→ **Problem statement**
Please repeat exactly the lines below from the line with "Abb. 19: NEW-YORK - INTERLAKEN 14.VIII.1874" to the line with "Dalam proses bermain", including both, and leave out every picture.
**** Supplied entries
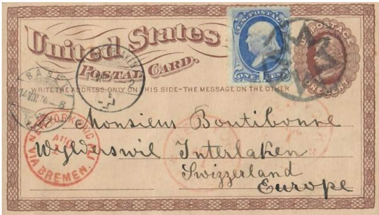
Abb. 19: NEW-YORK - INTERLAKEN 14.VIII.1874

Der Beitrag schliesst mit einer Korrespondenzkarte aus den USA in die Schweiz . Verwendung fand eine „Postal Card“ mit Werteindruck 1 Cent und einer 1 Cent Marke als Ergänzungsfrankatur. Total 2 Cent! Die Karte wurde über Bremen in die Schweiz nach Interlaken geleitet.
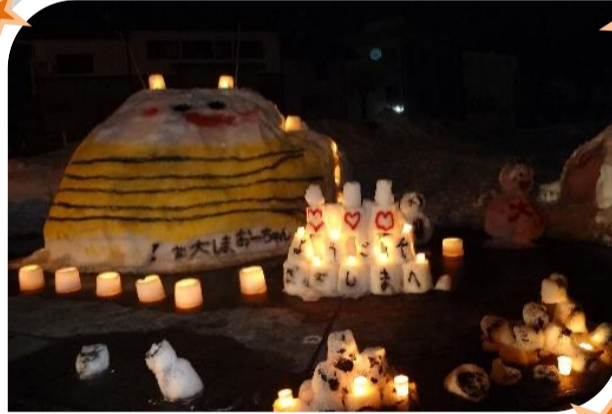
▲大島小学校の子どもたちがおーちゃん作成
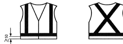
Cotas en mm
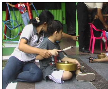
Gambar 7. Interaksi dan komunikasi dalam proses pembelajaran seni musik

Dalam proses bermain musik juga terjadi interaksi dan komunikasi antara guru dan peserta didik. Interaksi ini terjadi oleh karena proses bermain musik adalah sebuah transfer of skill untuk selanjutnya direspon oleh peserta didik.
********
**** Supplied entries
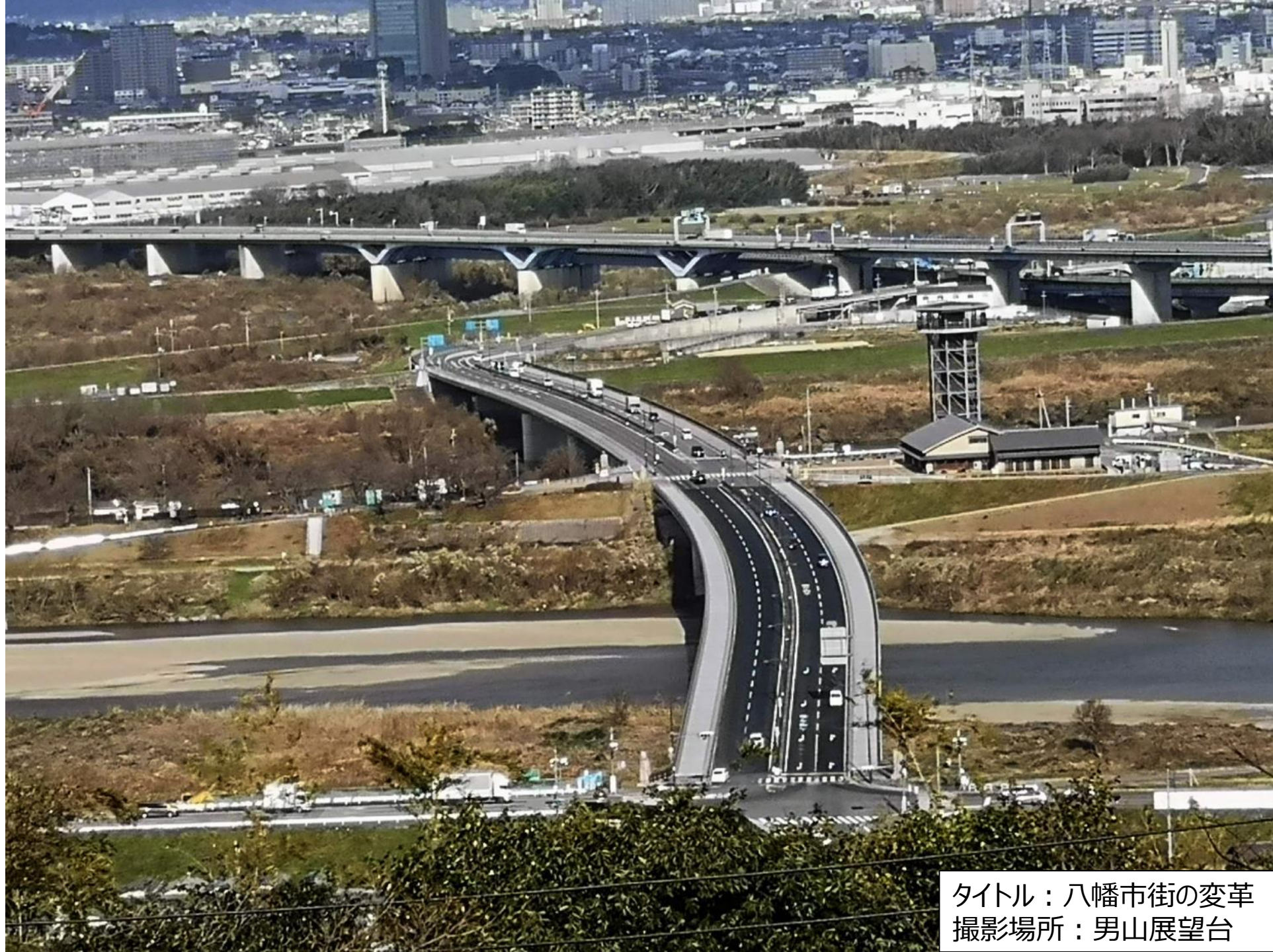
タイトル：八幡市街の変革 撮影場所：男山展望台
********
→ **Exercise result**
Abb. 19: NEW-YORK - INTERLAKEN 14.VIII.1874

Der Beitrag schliesst mit einer Korrespondenzkarte aus den USA in die Schweiz . Verwendung fand eine „Postal Card“ mit Werteindruck 1 Cent und einer 1 Cent Marke als Ergänzungsfrankatur. Total 2 Cent! Die Karte wurde über Bremen in die Schweiz nach Interlaken geleitet.
▲大島小学校の子どもたちがおーちゃん作成
Cotas en mm
Gambar 7. Interaksi dan komunikasi dalam proses pembelajaran seni musik

Dalam proses bermain musik juga terjadi interaksi dan komunikasi antara guru dan peserta didik. Interaksi ini terjadi oleh karena proses bermain musik adalah sebuah transfer of skill untuk selanjutnya direspon oleh peserta didik.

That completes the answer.